• _PROBLEM DETAILS_
Copy, please, the line with "The sun sets" and each line that follows it through the end of the data below, exactly as given and without pictures.

▼▼▼

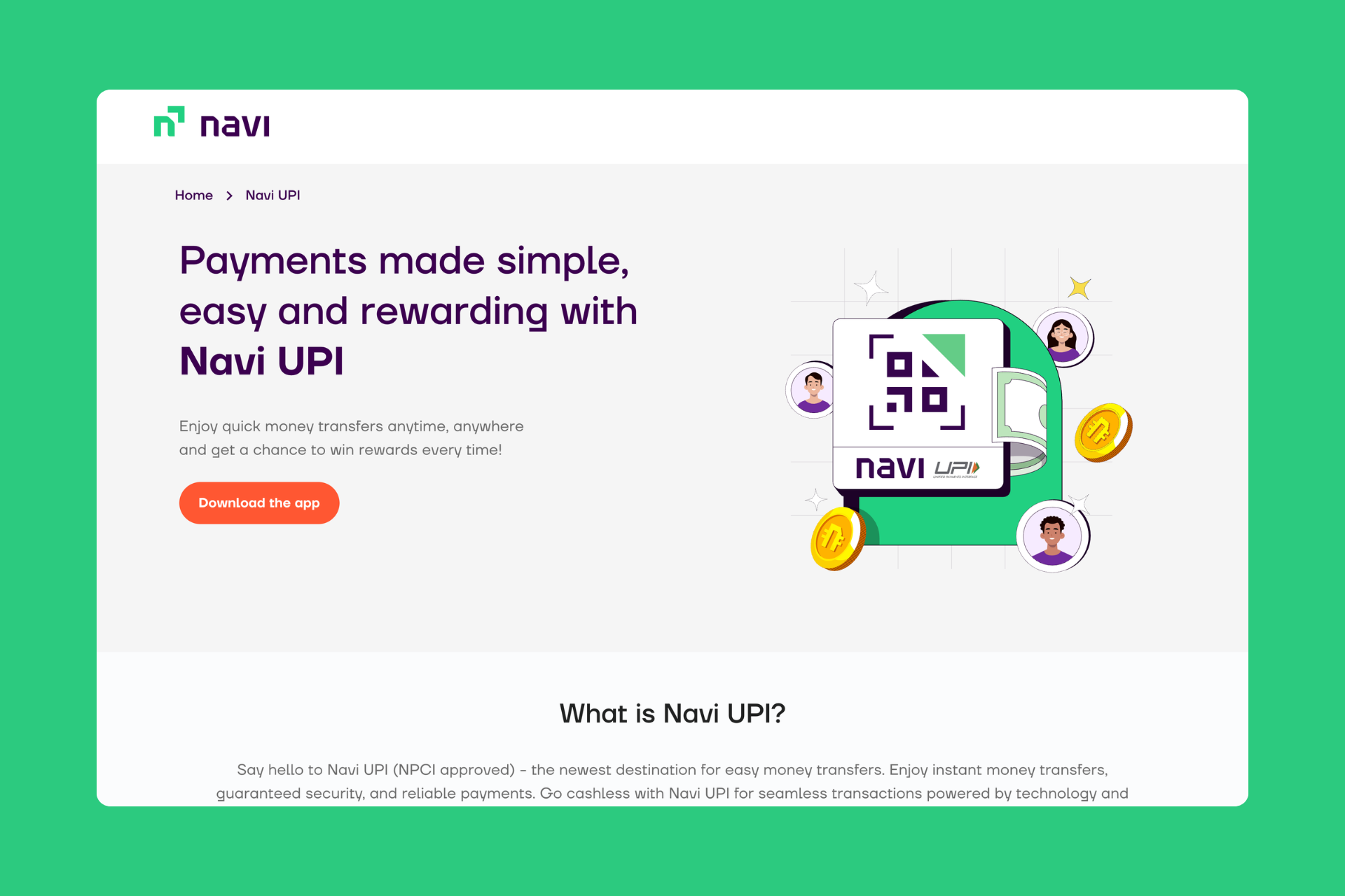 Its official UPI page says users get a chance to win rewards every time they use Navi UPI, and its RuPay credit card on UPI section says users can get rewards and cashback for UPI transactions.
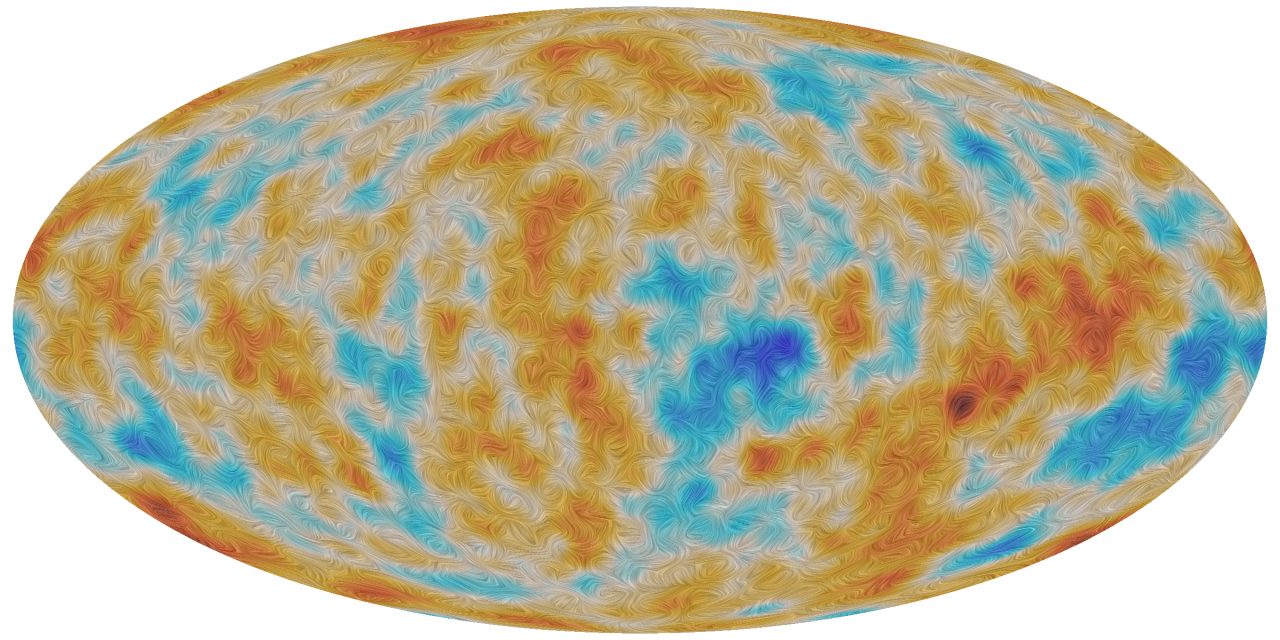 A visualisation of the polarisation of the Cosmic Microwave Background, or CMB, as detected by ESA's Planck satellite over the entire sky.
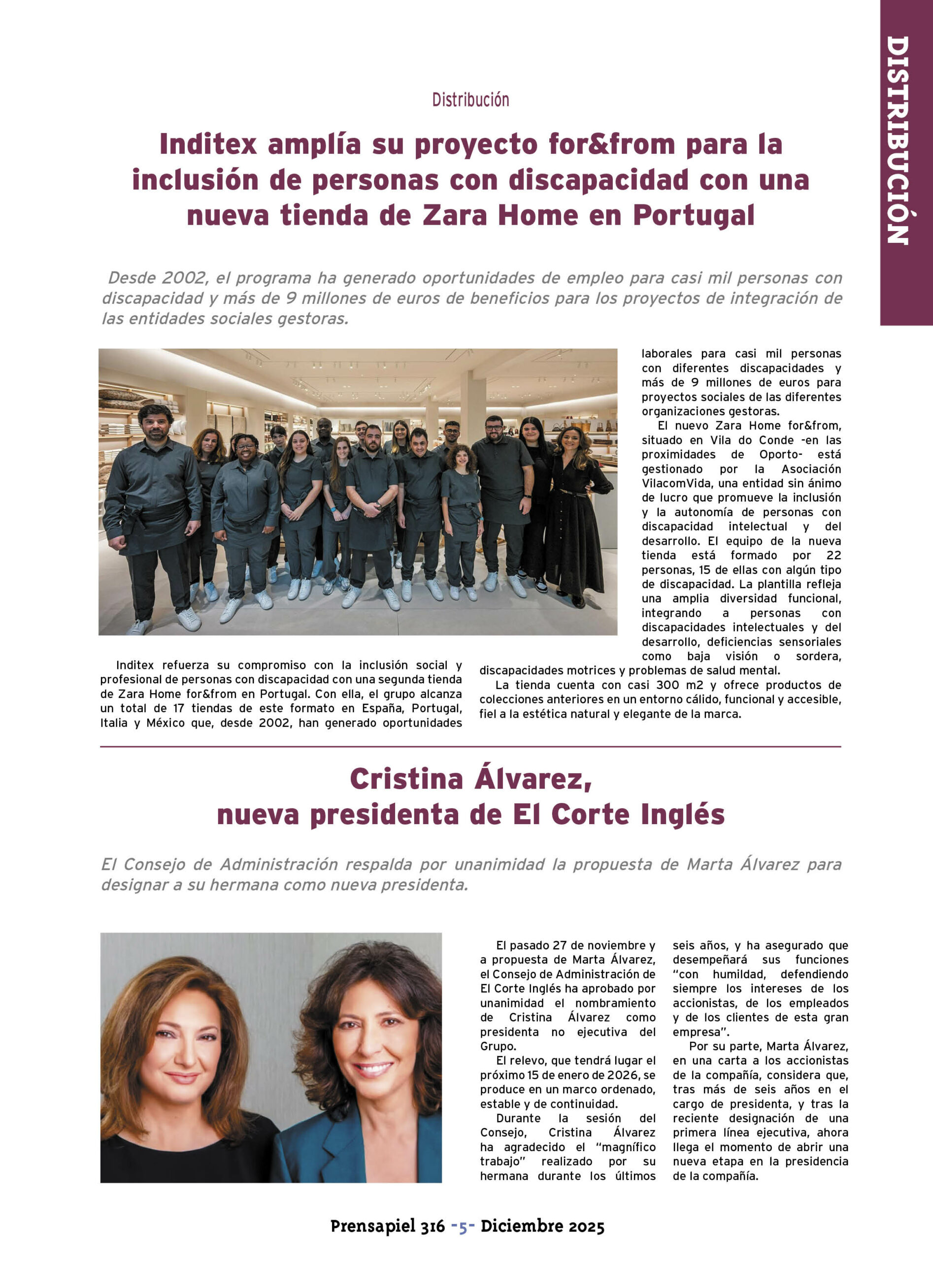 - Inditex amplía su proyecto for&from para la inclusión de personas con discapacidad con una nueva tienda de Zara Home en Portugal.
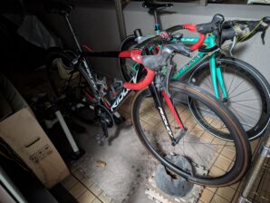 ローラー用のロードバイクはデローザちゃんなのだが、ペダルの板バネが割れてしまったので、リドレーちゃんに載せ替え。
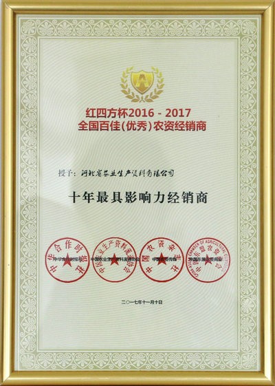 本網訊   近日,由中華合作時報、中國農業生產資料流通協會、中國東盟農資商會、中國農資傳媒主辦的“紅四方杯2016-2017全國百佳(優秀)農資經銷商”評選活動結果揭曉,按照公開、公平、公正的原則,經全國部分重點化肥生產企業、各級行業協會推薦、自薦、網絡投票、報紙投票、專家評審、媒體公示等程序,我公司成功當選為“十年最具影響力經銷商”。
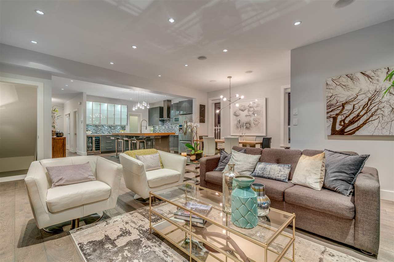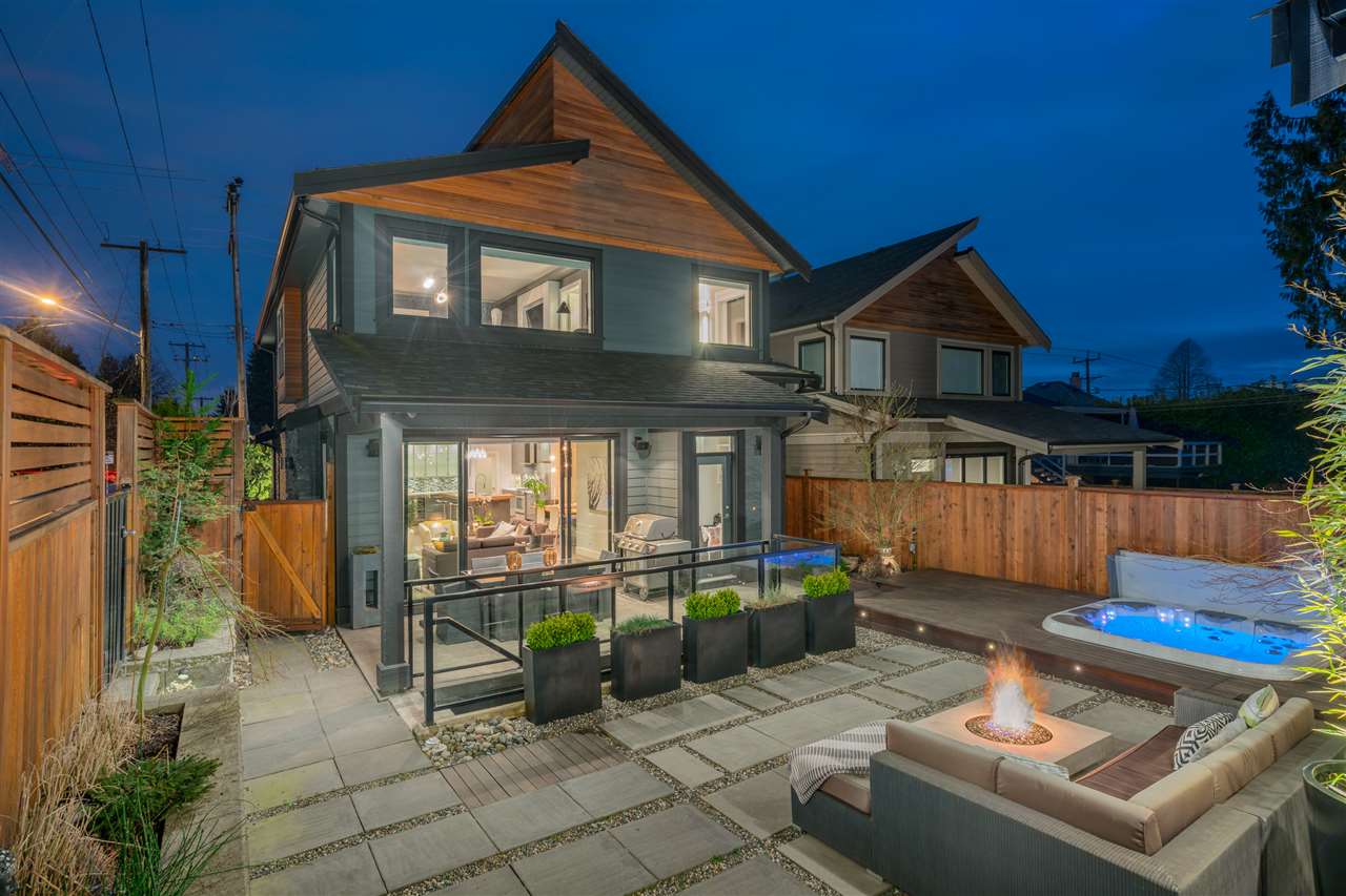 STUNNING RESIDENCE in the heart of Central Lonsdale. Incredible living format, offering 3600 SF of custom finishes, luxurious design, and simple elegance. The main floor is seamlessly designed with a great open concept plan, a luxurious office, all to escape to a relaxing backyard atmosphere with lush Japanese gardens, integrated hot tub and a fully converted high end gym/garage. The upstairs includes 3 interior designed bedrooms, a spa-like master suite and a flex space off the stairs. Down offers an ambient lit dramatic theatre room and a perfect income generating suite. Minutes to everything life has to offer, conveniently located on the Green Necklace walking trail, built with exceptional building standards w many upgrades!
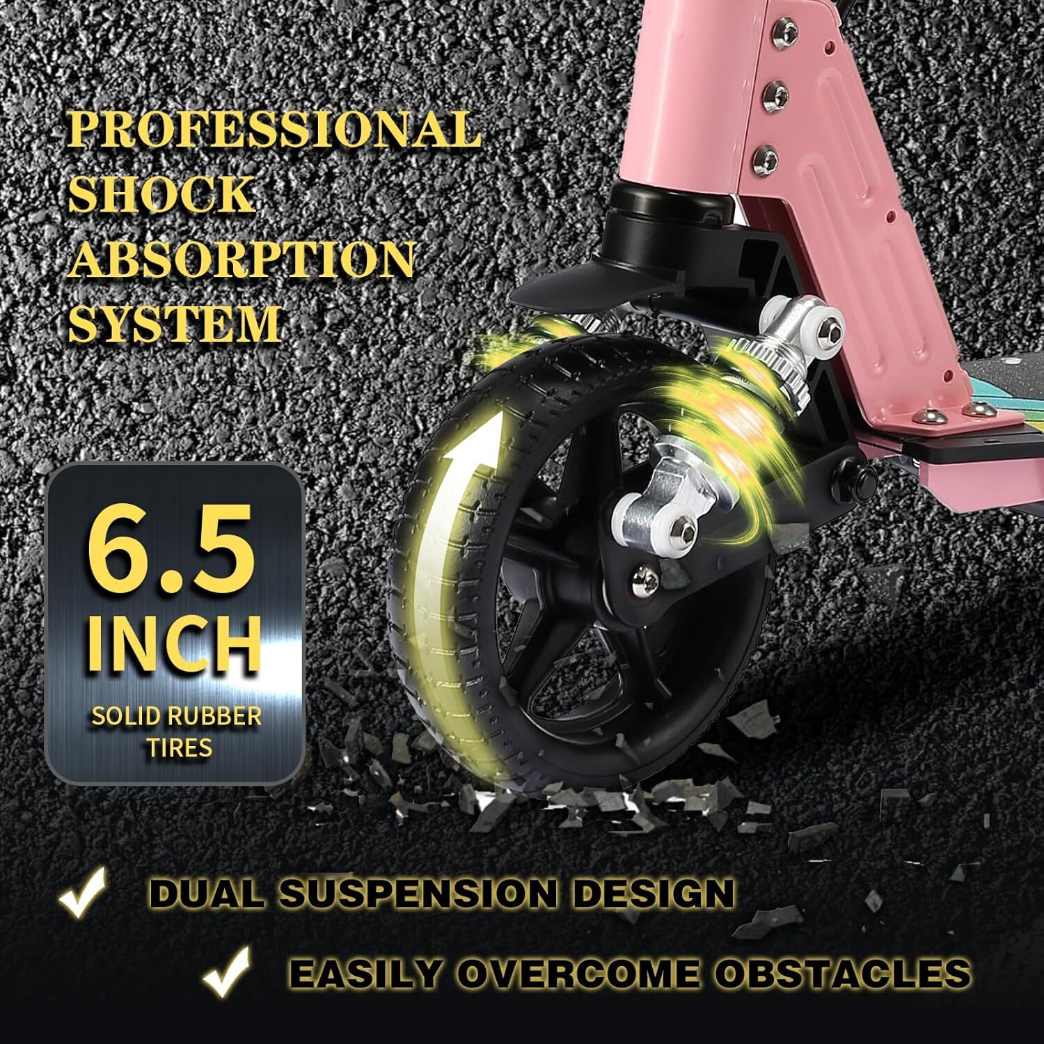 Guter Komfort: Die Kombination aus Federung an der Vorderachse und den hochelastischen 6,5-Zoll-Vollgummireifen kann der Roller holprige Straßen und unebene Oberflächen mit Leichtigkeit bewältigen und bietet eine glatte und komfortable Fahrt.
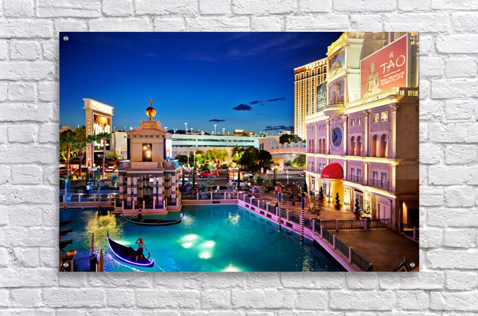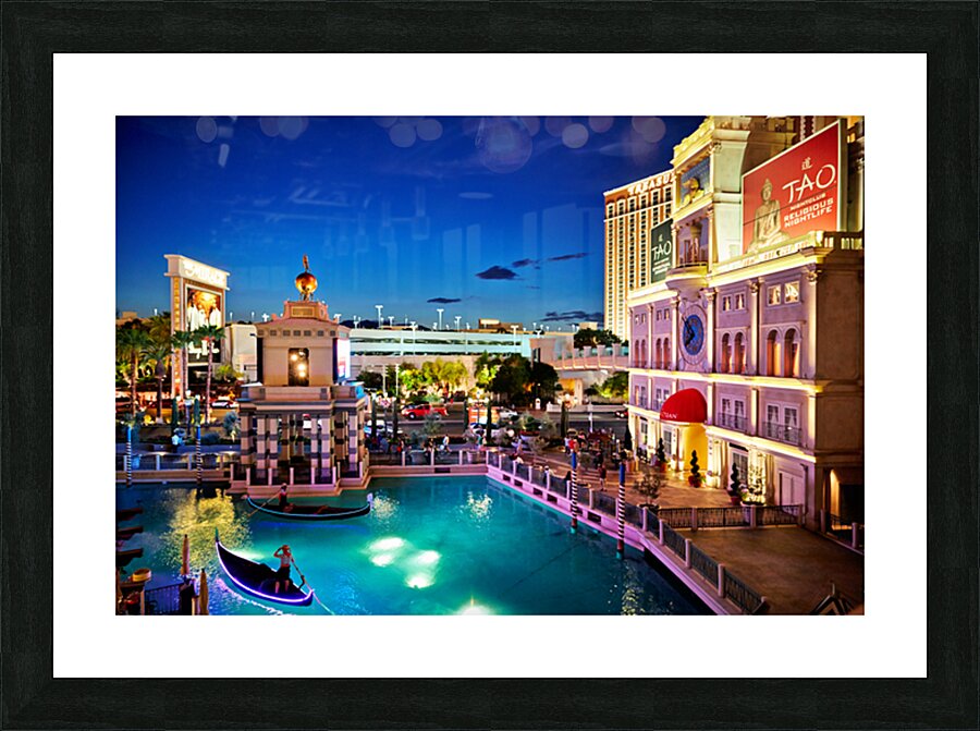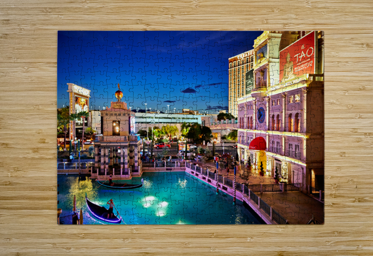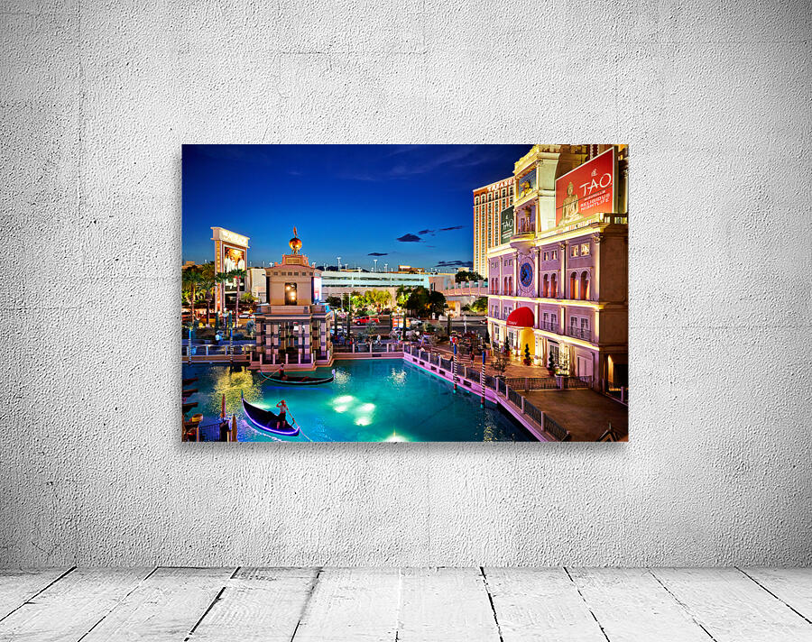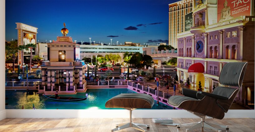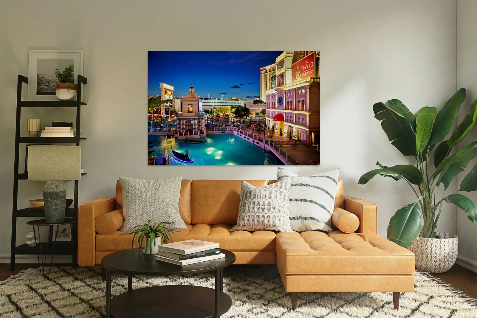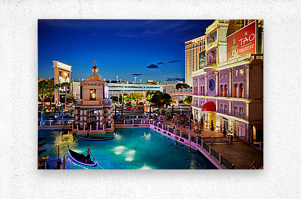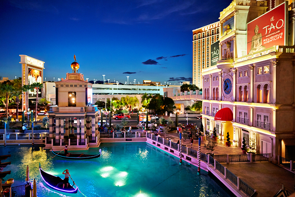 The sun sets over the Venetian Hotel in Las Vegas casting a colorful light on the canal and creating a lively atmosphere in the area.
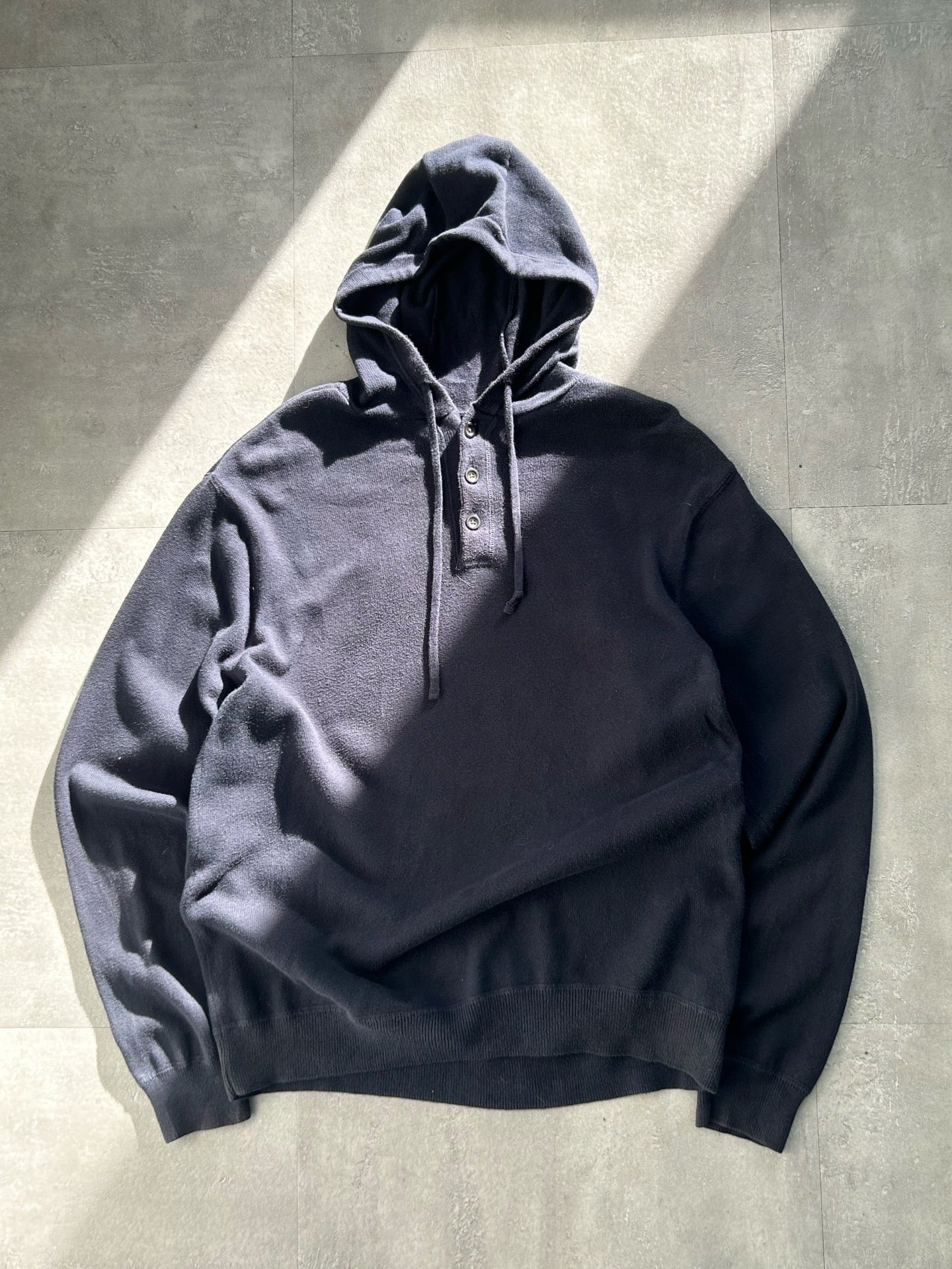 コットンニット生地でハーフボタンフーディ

▲▲▲

• _SOLUTION_
 The sun sets over the Venetian Hotel in Las Vegas casting a colorful light on the canal and creating a lively atmosphere in the area.
 コットンニット生地でハーフボタンフーディ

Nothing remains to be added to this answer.